阿新 • • 發佈：2017-09-15

all b- command 唯一索引 rom hang ocs erb 5.6

1. 索引的特性

1.1 加快條件的檢索的特性

當表數據量越來越大時查詢速度會下降，在表的條件字段上使用索引，快速定位到可能滿足條件的記錄，不需要遍歷所有記錄。

create table t(id int, info text);
insert into t select generate_series(1,10000),‘lottu‘||generate_series(1,10000);
create table t1 as select * from t;
create table t2 as select * from t;
create index ind_t2_id on t2(id);

lottu= 
# analyze t1;
ANALYZE
lottu=# analyze t2;
ANALYZE
# 沒有索引
lottu=# explain (analyze,buffers,verbose) select * from t1 where id < 10;
                                             QUERY PLAN                                              
----------------------------------------------------------------------------------------------------- 

 Seq Scan on lottu.t1  (cost=0.00..180.00 rows=9 width=13) (actual time=0.073..5.650 rows=9 loops=1)
   Output: id, info
   Filter: (t1.id < 10)
   Rows Removed by Filter: 9991
   Buffers: shared hit=55
 Planning time: 25.904 ms
 Execution time: 5.741 ms
(7 rows)
# 有索引
lottu=# explain (analyze,verbose,buffers) select 
 * from t2 where id < 10;
                                                     QUERY PLAN                                                      
---------------------------------------------------------------------------------------------------------------------
 Index Scan using ind_t2_id on lottu.t2  (cost=0.29..8.44 rows=9 width=13) (actual time=0.008..0.014 rows=9 loops=1)
   Output: id, info
   Index Cond: (t2.id < 10)
   Buffers: shared hit=3
 Planning time: 0.400 ms
 Execution time: 0.052 ms
(6 rows)

#在這個案例中：執行同一條SQL。
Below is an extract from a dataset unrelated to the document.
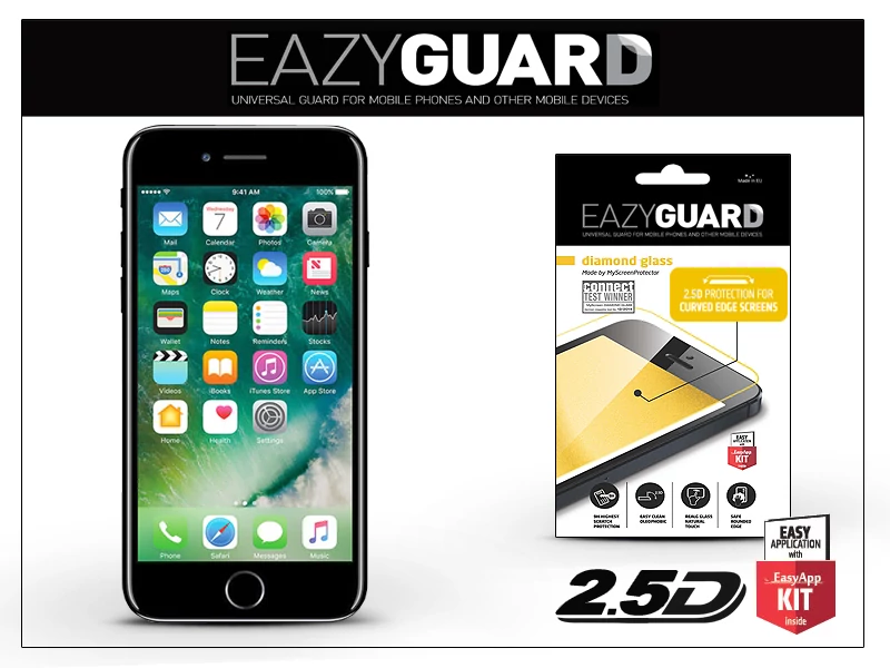 Egyszerűen és precízen felhelyezhető a csomagolásban található EasyApp KIT segítségével.

t2有索引的執行數據是0.052 ms；t1沒有索引的是：5.741 ms;

1.2 有序的特性

索引本身就是有序的。

#沒有索引
lottu=# explain (analyze,verbose,buffers) select * from t1 where id > 2 order by id;
                                                   QUERY PLAN                                                    
-----------------------------------------------------------------------------------------------------------------
Sort  (cost=844.31..869.31 rows=9999 width=13) (actual time=8.737..11.995 rows=9998 loops=1)
   Output: id, info
   Sort Key: t1.id
   Sort Method: quicksort  Memory: 853kB
   Buffers: shared hit=55
   ->  Seq Scan on lottu.t1  (cost=0.00..180.00 rows=9999 width=13) (actual time=0.038..5.133 rows=9998 loops=1)
         Output: id, info
         Filter: (t1.id > 2)
         Rows Removed by Filter: 2
         Buffers: shared hit=55
 Planning time: 0.116 ms
 Execution time: 15.205 ms
(12 rows)
 #有索引
lottu=# explain (analyze,verbose,buffers) select * from t2 where id > 2 order by id;
                                                         QUERY PLAN                                                          
-----------------------------------------------------------------------------------------------------------------------------
 Index Scan using ind_t2_id on lottu.t2  (cost=0.29..353.27 rows=9999 width=13) (actual time=0.030..5.304 rows=9998 loops=1)
   Output: id, info
   Index Cond: (t2.id > 2)
   Buffers: shared hit=84
 Planning time: 0.295 ms
 Execution time: 7.027 ms
(6 rows)

#在這個案例中：執行同一條SQL。

t2有索引的執行數據是7.027 ms；t1沒有索引的是：15.205 ms;
t1沒有索引執行還占用了 Memory: 853kB。

2. 索引掃描方式

索引的掃描方式有3種

2.1 Indexscan

先查索引找到匹配記錄的ctid，再通過ctid查堆表

2.2 bitmapscan

先查索引找到匹配記錄的ctid集合，把ctid通過bitmap做集合運算和排序後再查堆表

2.3 Indexonlyscan

如果索引字段中包含了所有返回字段，對可見性映射 (vm)中全為可見的數據塊，不查堆表直接返回索引中的值。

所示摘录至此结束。